L’échappée belle

Publié le par Laetitia et Nelly

Par delà la fenêtre entrouverte nous parvient le tumulte de la rue. Un gamin pleure des larmes de crocodiles, d’autres s’égosillent en jouant, une musique de karaoké en fond sonore et toujours l’immuable ronronnement des moteurs. Il fait nuit, le marché a fermé ses étals. Restent les sacs éventrés au beau milieu de la chaussée, offrandes dont se repaissent les vaches solitaires. Le Cambodge respire placidement sous notre fenêtre…


Quelle que soit le chemin entrepris, la douceur et la joie de vivre se lisent sur les visages rayonnants des Cambodgiens. On en oublierait presque que la page la plus dramatique de leur histoire est à peine tournée. Pourtant, les estropiés qui peuplent les rues viennent chaque jour vous rappeler cette cruelle réalité.

De 1975 à 1978, Pol Pot et sa clique pratiquent un véritable génocide et exterminent près de deux millions de leurs concitoyens. Travaux forcés, famine, viols, emprisonnements, exécutions sommaires sont le lot quotidien. Encore de nos jours, les mines antipersonnelles posées par les Khmers Rouges dans les rizières démembrent, décharnent, tuent. Signatures de fantômes maléfiques qui courent toujours.

Un voyage au Cambodge, c’est comme entamer un pèlerinage dans le temps, inexorable, et dans l’Histoire, implacable. De Siem Reap à Battambang, sur un rafiot à la rencontre des villages lacustres. Une échappée belle à moto dans la campagne de Battambang. De la boue, dans laquelle on s’enfonce jusqu’au mollet sans rien pouvoir y faire. Pour finalement y laisser sa tong.

Phnom Penh et son rafut, sa folie, sa démesure de capitale frénétique. Mais toujours cette musique lancinante qui vous fait tanguer, chavirer. La prison de Tuol Sleng (ou S-21, c’est du pareil au même), où les Khmers Rouges ont séquestré, torturé et massacré. Une démarche essentielle, pour ne surtout rien laisser s’échapper. Pour que l’horreur ne laisse pas place au déni et à l’oubli. Des photos de visages qui interrogent, qui baissent les yeux, qui tentent de tenir le coup, qui accusent. Ils vous prennent aux tripes et vous laissent une douleur sourde.

Kratie, au nord-est de Phnom Penh, enfin, et une autre promenade champêtre à moto, d’autres instantanés magiques, d’autres moments inouis et inoubliables. Des ados à bicyclette, quittant gaiement les rangs de leur classe ordonnée.

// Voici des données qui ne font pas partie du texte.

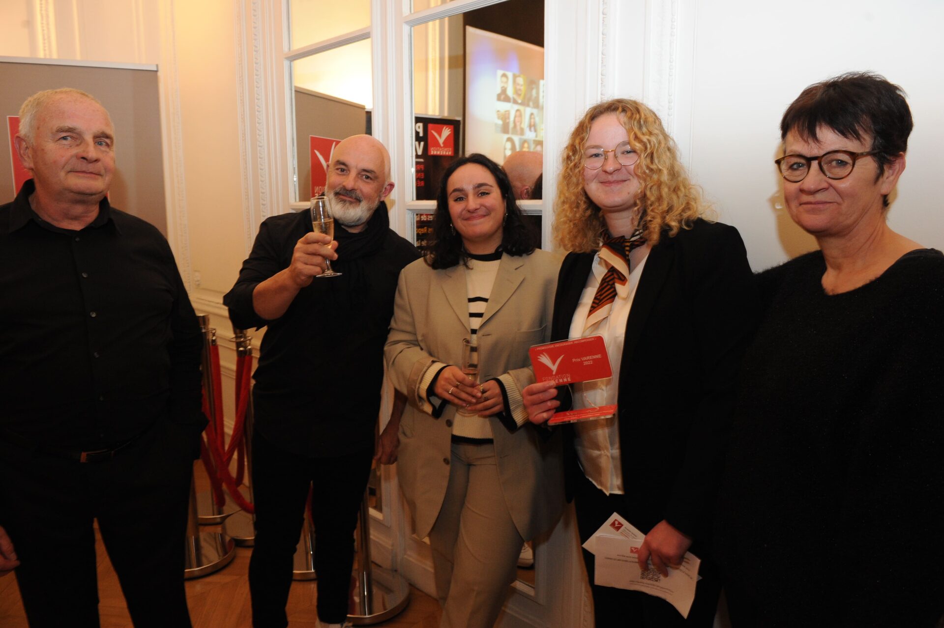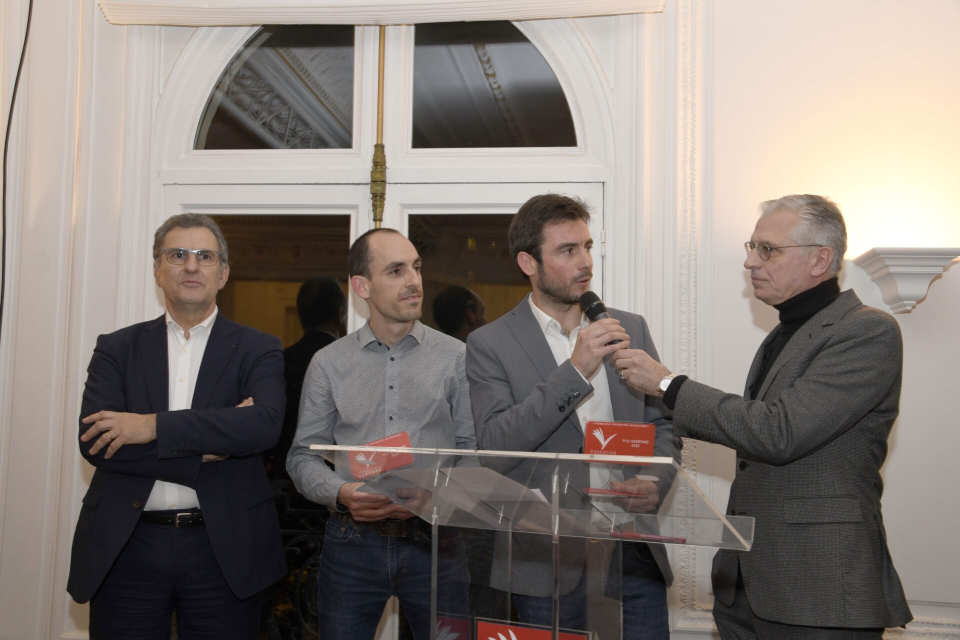 Rachida El Azzouzi et Mortaza Behboudi Médiapart Grand Prix PQN exaequo entourés de Jean-Yves Vif président du jury PQN et Philippe Carli

D’autres, plus jeunes, jouant au volley sur un terrain improvisé.



Des grands-mères parsemées de rides qui vous scrutent, vous dévisagent de leurs petits yeux voilés et dont le visage finit par vous répondre en s’éclaircissant d’un immense sourire. Des bicoques de bric et de broc, en teck, en paille, en bois, toujours ouvertes sur l’extérieur, où se jouent des instants de partage, de communion, des déchirements et des drames aussi, certainement. La rue boueuse est habitée de rires, de chants, de cris, qui rebondissent sur les cartables et sur les toits de chaume. De petites vendeuses aux étalages spartiates. Des scénettes quotidiennes improvisées et authentiques. On aimerait les contempler, encore et toujours.

Dans deux jours, on quitte déjà le Cambodge et ses âmes belles, des souvenirs plein la tête et des sourires plein le cœur. C’est notre avant-dernière nuit ici et, comme dirait Nelly, ‘on a l’ cafard’. La chambre aussi nous le rappelle, nous en fournissant par vingtaine, une véritable armée de ces cafards ragoûtants. On tente de s’en débarrasser tant bien que mal, mais ils reviennent, les salauds, comme des sangs-sue qui s’agrippent à la chair des paysans dans les rizières. Comme le Cambodge qui colle à la peau.